**Dataset entries**
<<<<

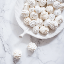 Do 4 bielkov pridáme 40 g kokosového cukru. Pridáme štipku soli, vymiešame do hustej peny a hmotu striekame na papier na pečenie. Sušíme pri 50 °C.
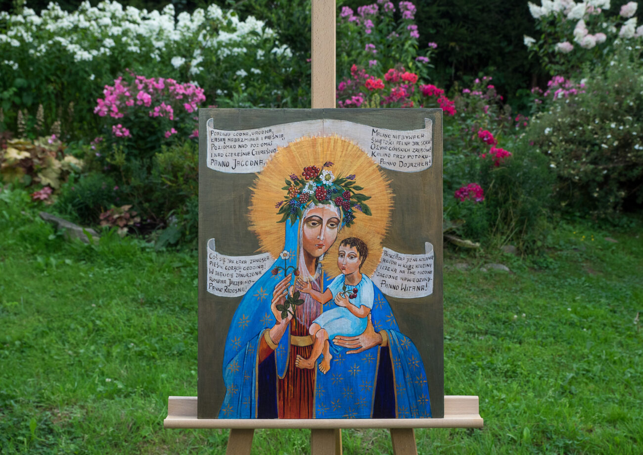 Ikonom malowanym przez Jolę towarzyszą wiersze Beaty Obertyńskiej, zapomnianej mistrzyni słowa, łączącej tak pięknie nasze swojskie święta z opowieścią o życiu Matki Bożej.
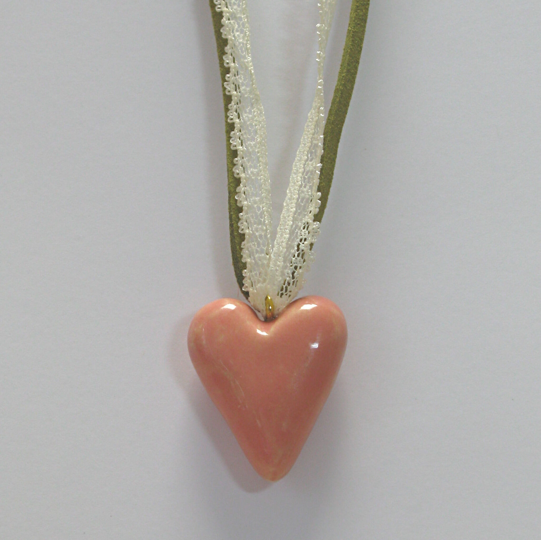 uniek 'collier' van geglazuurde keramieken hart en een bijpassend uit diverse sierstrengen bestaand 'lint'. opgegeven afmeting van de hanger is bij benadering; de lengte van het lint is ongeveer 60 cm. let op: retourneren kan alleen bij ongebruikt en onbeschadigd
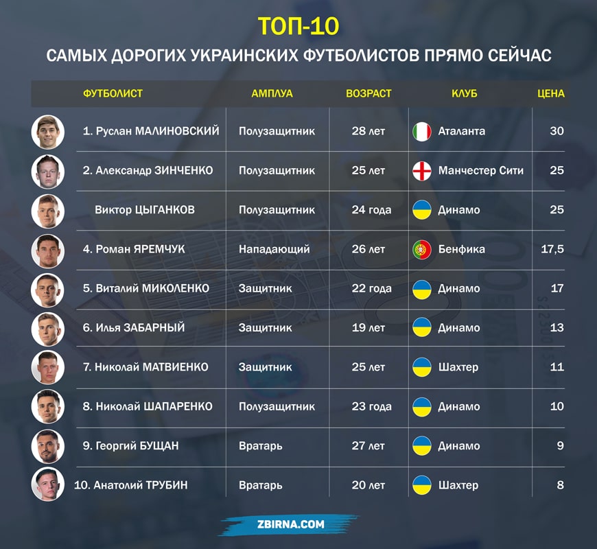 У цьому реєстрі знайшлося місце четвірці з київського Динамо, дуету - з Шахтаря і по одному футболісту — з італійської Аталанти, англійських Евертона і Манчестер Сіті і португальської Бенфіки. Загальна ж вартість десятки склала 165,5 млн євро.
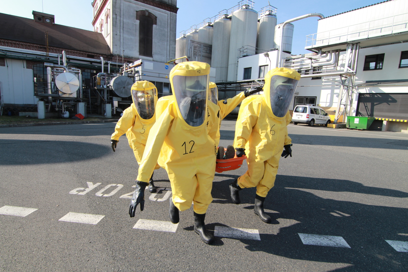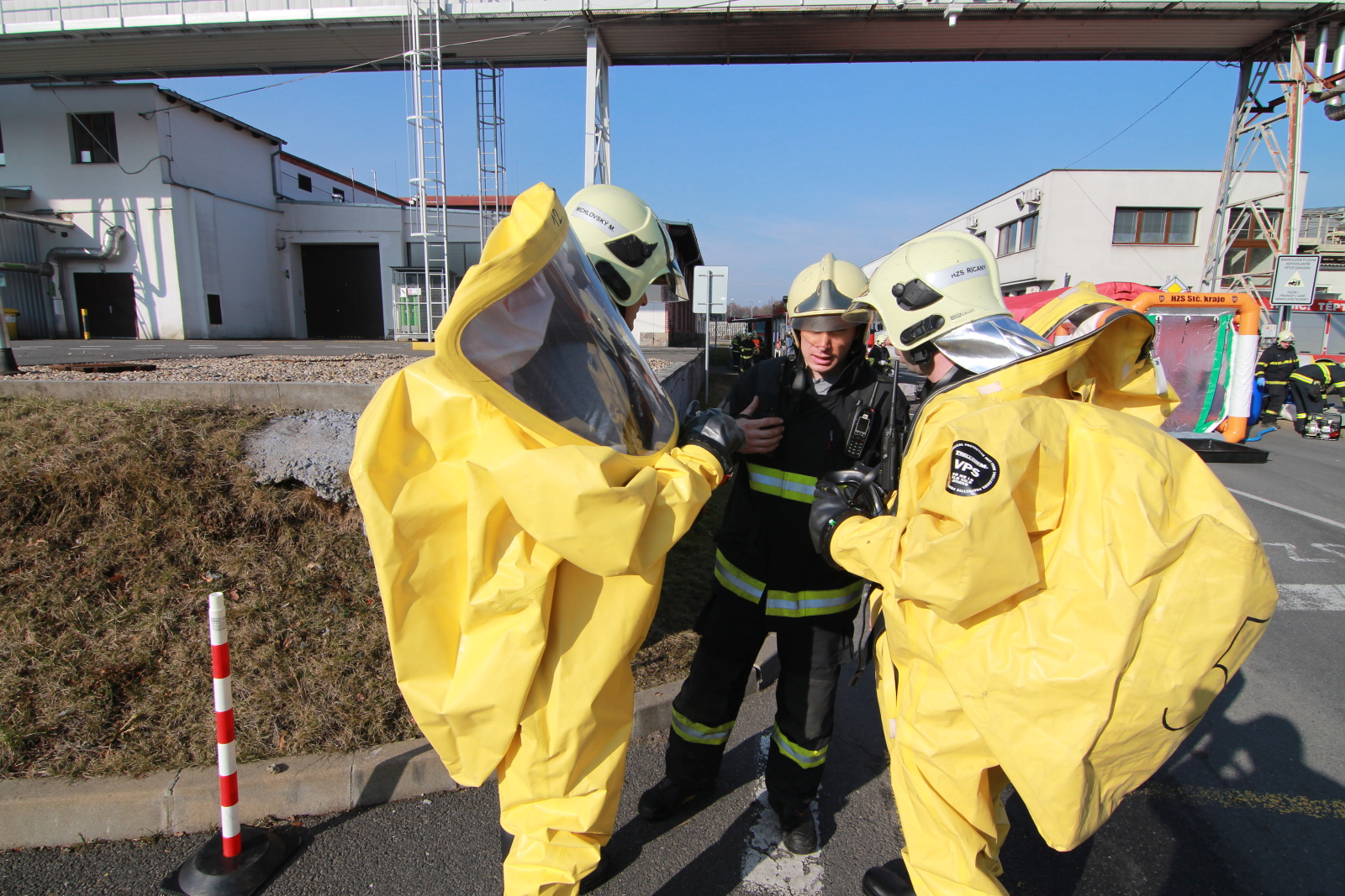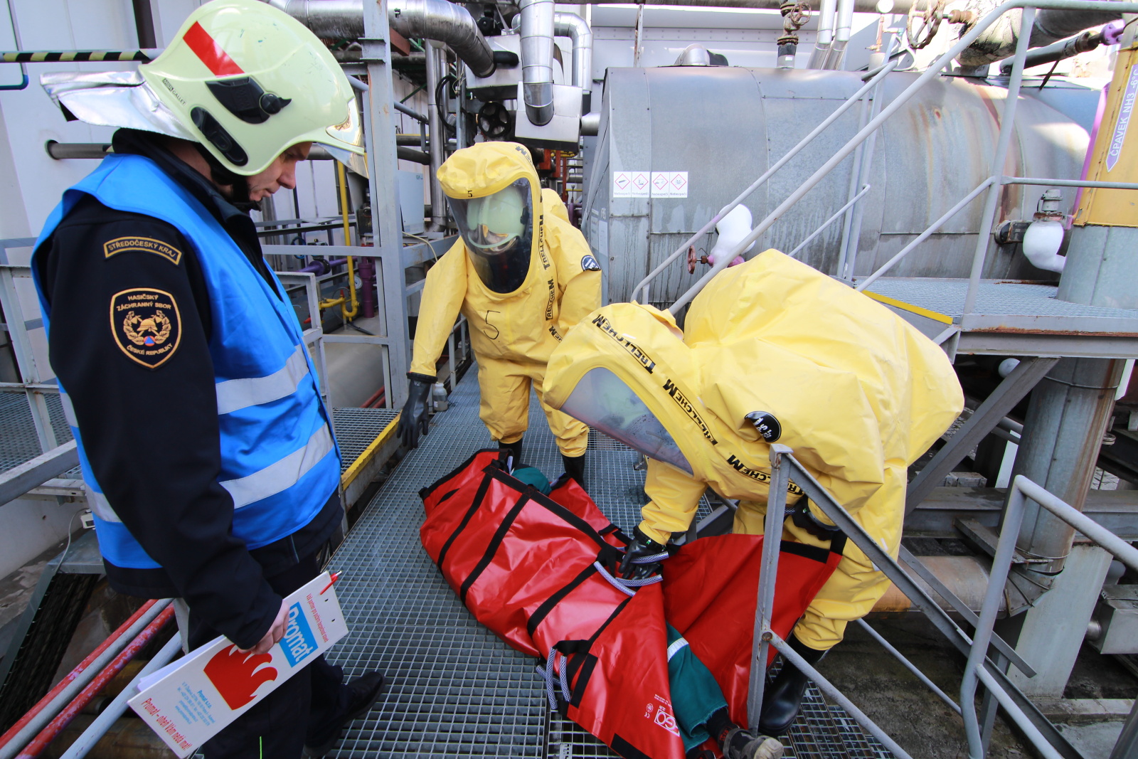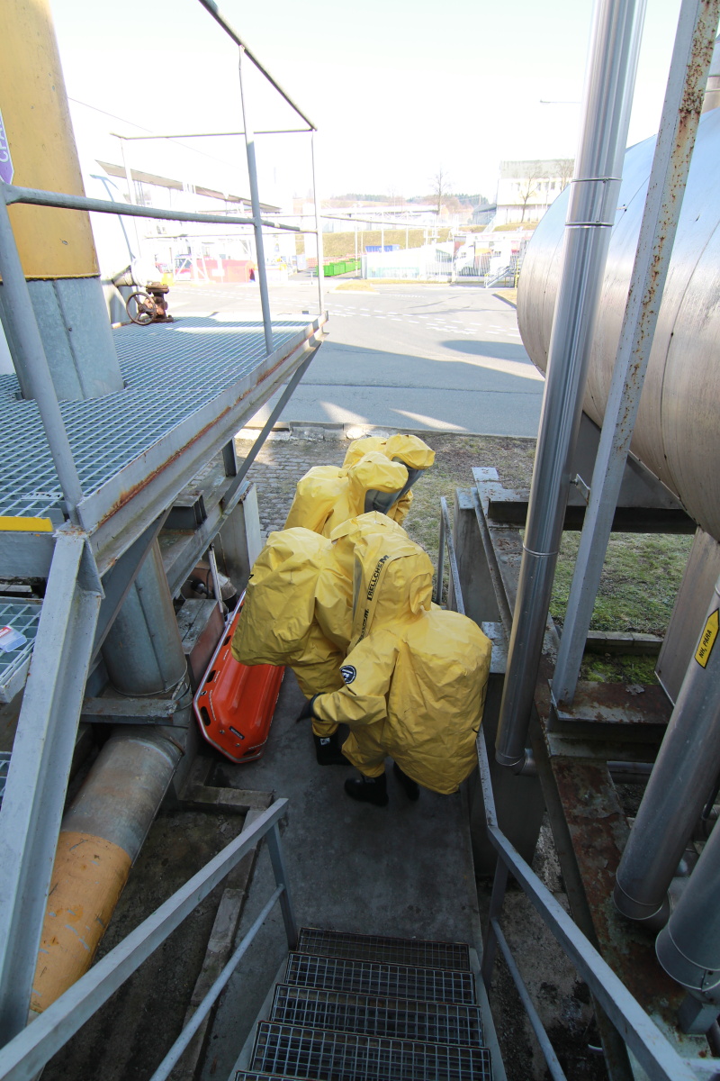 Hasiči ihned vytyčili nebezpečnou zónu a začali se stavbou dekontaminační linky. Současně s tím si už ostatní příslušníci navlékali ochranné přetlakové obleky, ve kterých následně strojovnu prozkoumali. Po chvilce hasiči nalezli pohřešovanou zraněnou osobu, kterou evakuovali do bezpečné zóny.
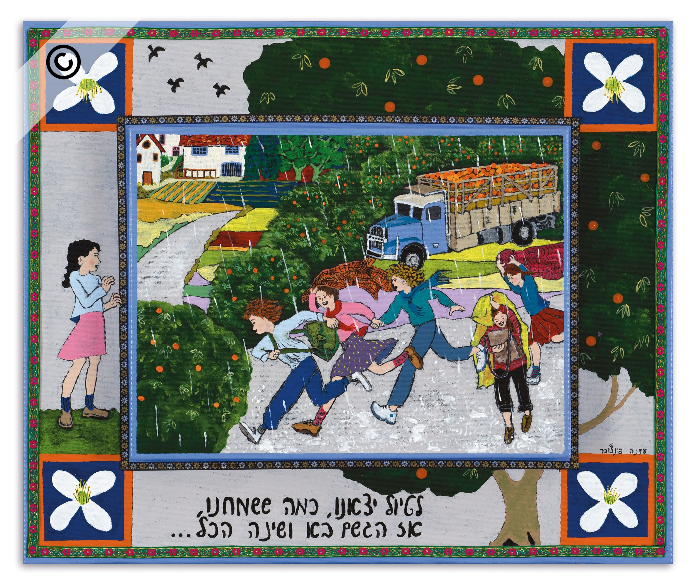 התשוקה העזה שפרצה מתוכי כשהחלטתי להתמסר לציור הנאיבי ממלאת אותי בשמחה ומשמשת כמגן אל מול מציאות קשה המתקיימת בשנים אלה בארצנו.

>>>>

**What you have to do**
Omit the images and transcribe all of the records above word for word.

**Response to the task**
 Do 4 bielkov pridáme 40 g kokosového cukru. Pridáme štipku soli, vymiešame do hustej peny a hmotu striekame na papier na pečenie. Sušíme pri 50 °C.
 Ikonom malowanym przez Jolę towarzyszą wiersze Beaty Obertyńskiej, zapomnianej mistrzyni słowa, łączącej tak pięknie nasze swojskie święta z opowieścią o życiu Matki Bożej.
 uniek 'collier' van geglazuurde keramieken hart en een bijpassend uit diverse sierstrengen bestaand 'lint'. opgegeven afmeting van de hanger is bij benadering; de lengte van het lint is ongeveer 60 cm. let op: retourneren kan alleen bij ongebruikt en onbeschadigd
 У цьому реєстрі знайшлося місце четвірці з київського Динамо, дуету - з Шахтаря і по одному футболісту — з італійської Аталанти, англійських Евертона і Манчестер Сіті і португальської Бенфіки. Загальна ж вартість десятки склала 165,5 млн євро.
 Hasiči ihned vytyčili nebezpečnou zónu a začali se stavbou dekontaminační linky. Současně s tím si už ostatní příslušníci navlékali ochranné přetlakové obleky, ve kterých následně strojovnu prozkoumali. Po chvilce hasiči nalezli pohřešovanou zraněnou osobu, kterou evakuovali do bezpečné zóny.
 התשוקה העזה שפרצה מתוכי כשהחלטתי להתמסר לציור הנאיבי ממלאת אותי בשמחה ומשמשת כמגן אל מול מציאות קשה המתקיימת בשנים אלה בארצנו.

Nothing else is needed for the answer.